--- TASK OBJECTIVE ---
Each line in the material below, starting at the one with "status with ease." and ending at the one with "Transform Buildings to", is to be reproduced exactly; no picture is to be copied.

[Opening EXERCISE MATERIALS section]

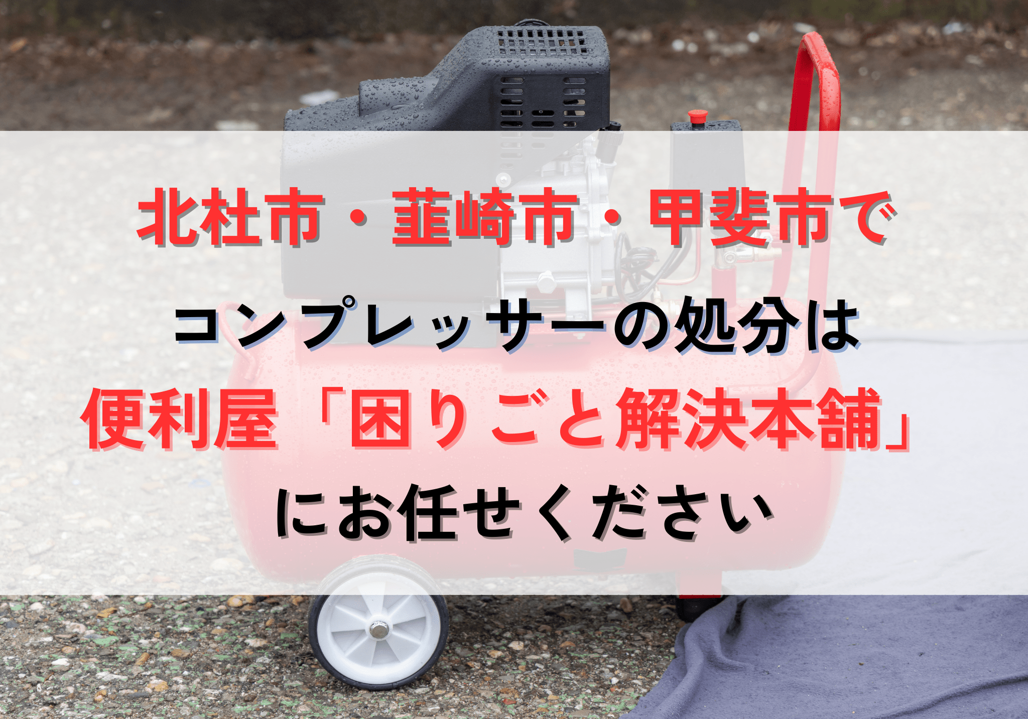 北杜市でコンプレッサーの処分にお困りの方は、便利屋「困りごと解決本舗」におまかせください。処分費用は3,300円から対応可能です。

[Closing EXERCISE MATERIALS section]
[Opening EXERCISE MATERIALS section]

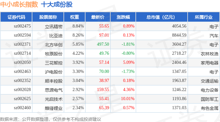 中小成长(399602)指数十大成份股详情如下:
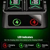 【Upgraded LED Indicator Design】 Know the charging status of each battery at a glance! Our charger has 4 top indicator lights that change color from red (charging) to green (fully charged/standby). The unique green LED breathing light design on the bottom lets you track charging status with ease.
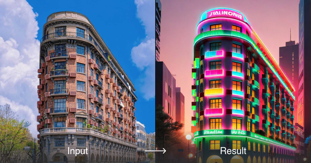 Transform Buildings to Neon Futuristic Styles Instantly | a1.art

[Closing EXERCISE MATERIALS section]

--- WRITTEN SOLUTION ---
 【Upgraded LED Indicator Design】 Know the charging status of each battery at a glance! Our charger has 4 top indicator lights that change color from red (charging) to green (fully charged/standby). The unique green LED breathing light design on the bottom lets you track charging status with ease.
 Transform Buildings to Neon Futuristic Styles Instantly | a1.art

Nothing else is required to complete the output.